OOPs, I was the one who misread it, not Alan. Sorry! I read it as what would you WANT your date to know.
No wonder everyone is afraid to answer. ;)
that i covet my complete Whacky Pack collection and my Mad Magazines
That I was married before, because then I'd have to explain that whole experience.
Dpdir, fear not--this is a huge selling point with many women. I mean, so I've HEARD.
that i have ocd and am frequently late because i have to check things. that the scars are not from car accidents.
Where's regular commenter LFMD?
That is a question that has nothing to do with the topic du jour. Genuinely interested in LFMD's whereabouts. miss her. :)
Ditto Josie's observation. Where art thou, LFMD?
That I don't know shit.
VOTE!!
That I've had a breast reduction. I mean, they may eventually know, but it's so nice to be able to out on dates now and have my breasts not be the center of attention.

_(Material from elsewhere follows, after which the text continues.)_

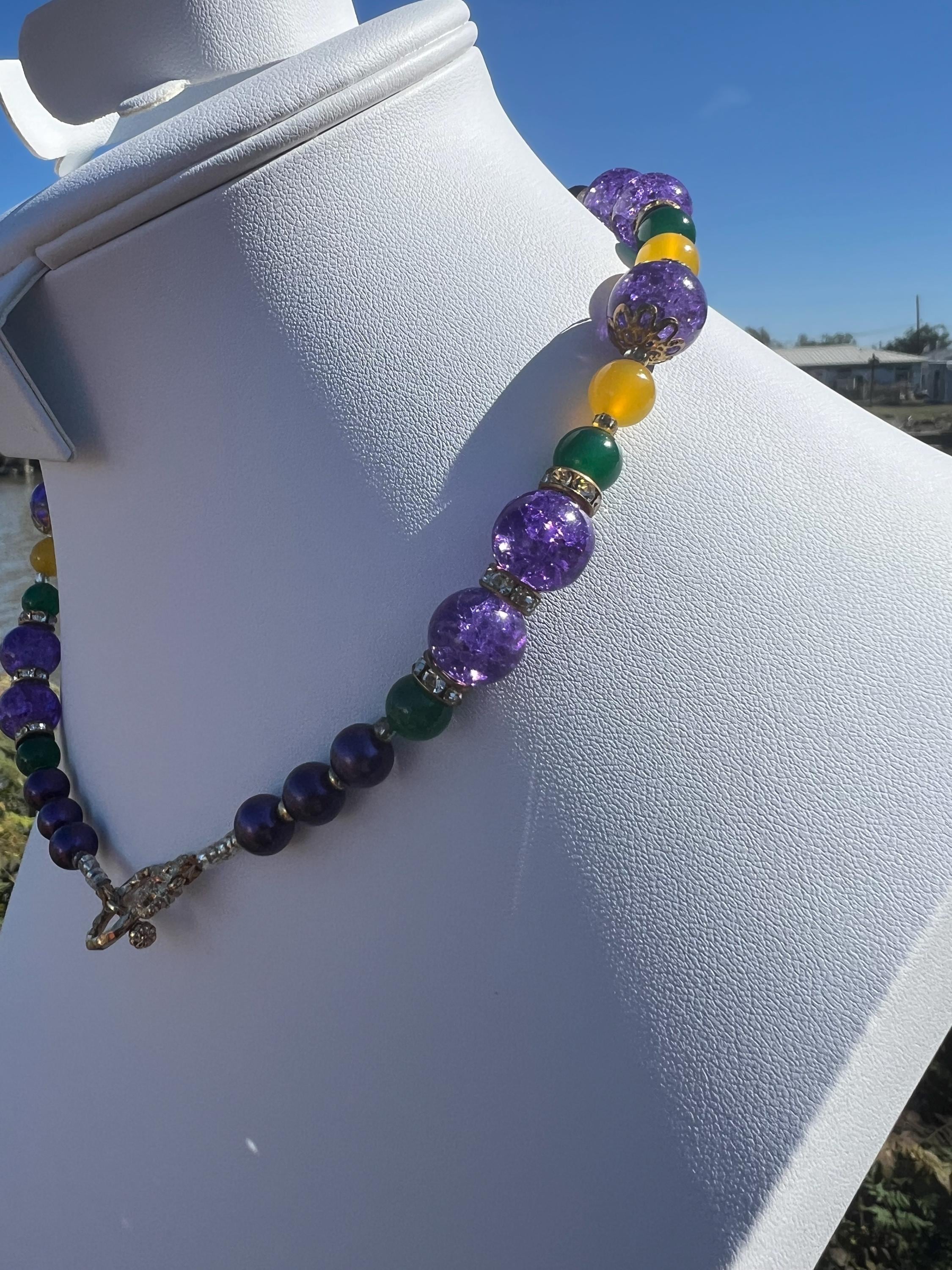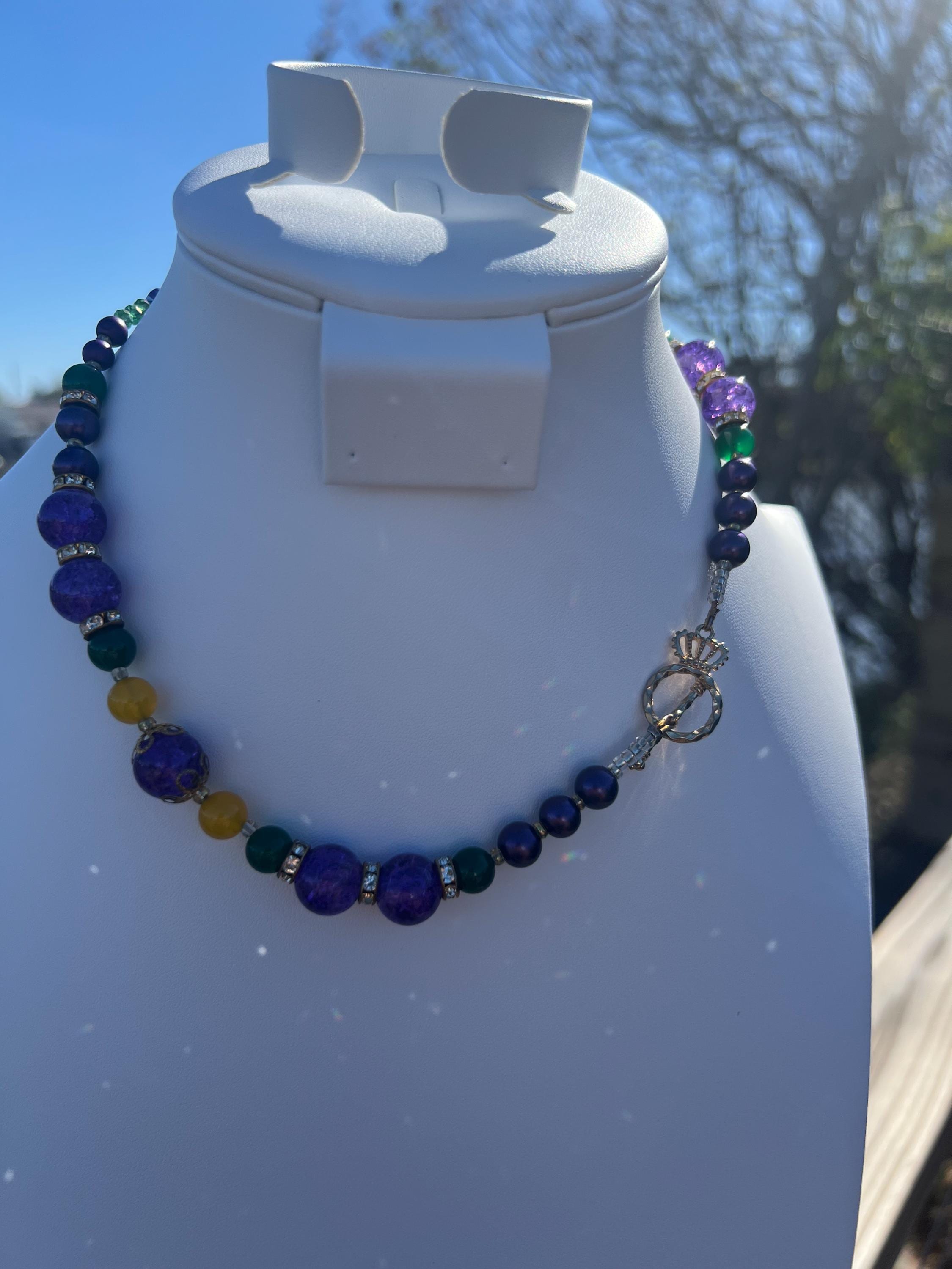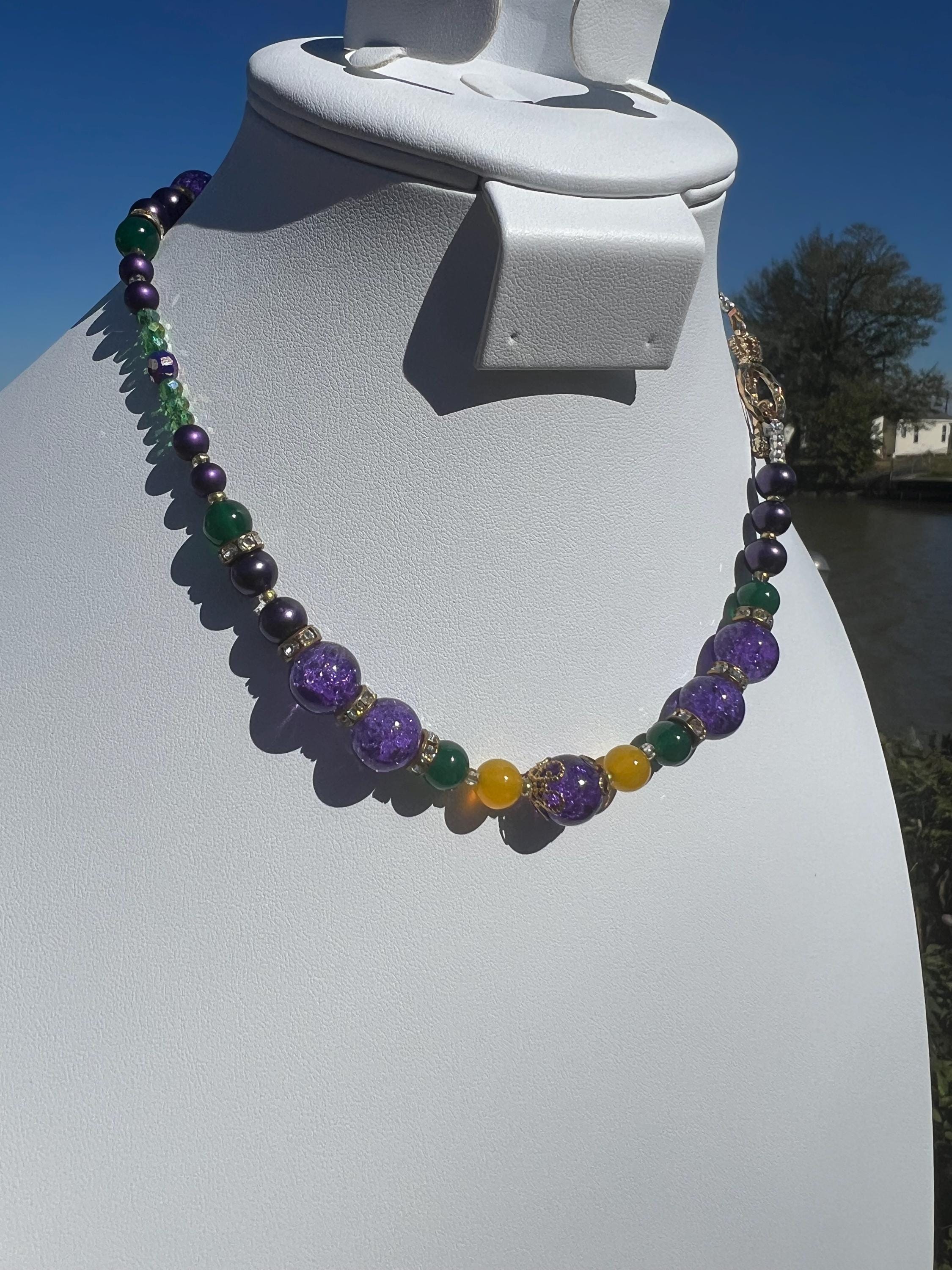 Celebrate Mardi Gras with a one-of-a-kind handcrafted necklace designed for versatility, color, and joyful expression. Each necklace in this collection is created using a vibrant mix of purple, green, and gold beads inspired by Carnival season, making it perfect for festive events, office celebrations, cruises, or everyday statement wear.

I guess the other thing is that while I think of myself as generally smart, I can be kind of clueless at times about current events, history, politics....and it embarrasses me sometimes.
Hi Josie and Beth! I am still lurking. The Management of My Insurance Job sent a company-wide notice recently that they were "watching" us all (all 2,000 of us!) and are strongly discouraging "internet use in the workplace." Big Brother Lives! I am paranoid by nature, and I am a wee bit afraid of being dooced. Sadly, the only thing left for me to do from 7am to 3pm is work. Damn it all to hell!
I try to save my internet time for after work, but that is when my real life as Busy Mama starts, so I have not kept up. I am trying though! I miss you all!
As for my answer to the CODE WORD question, it has been so long since my dating life that I can't remember what I used to hide. Oh, I know. I was a really late bloomer, and I did not kiss a boy until I was 20. I tried to keep my lack of dating experience on the down-low so as not to appear too weird. I don't know why I bothered, because if you haven't kissed a boy by the time you are 20, it kind of shows.
LFMD - my company blocked XTCIAN.com awhile back and I've resorted to reading it off my web-enabled phone. I still read most days, but posting is difficult with these tiny keys. It has taken almost 3 minutes to type this post!
That I'm married.
Actually, I guess my date would be my wife. So I guess I wouldn't want her to know that while she was away I'd been ignoring the dachshund.
My bad: I see now I didn't attend the instructions, and my last comments aren't even technically answers to the CODE WORD question. Back in the day I'd least want it known that I'd never kissed and was socially dysfunctional.
I think the first date is too early for them to know that I don't like pets.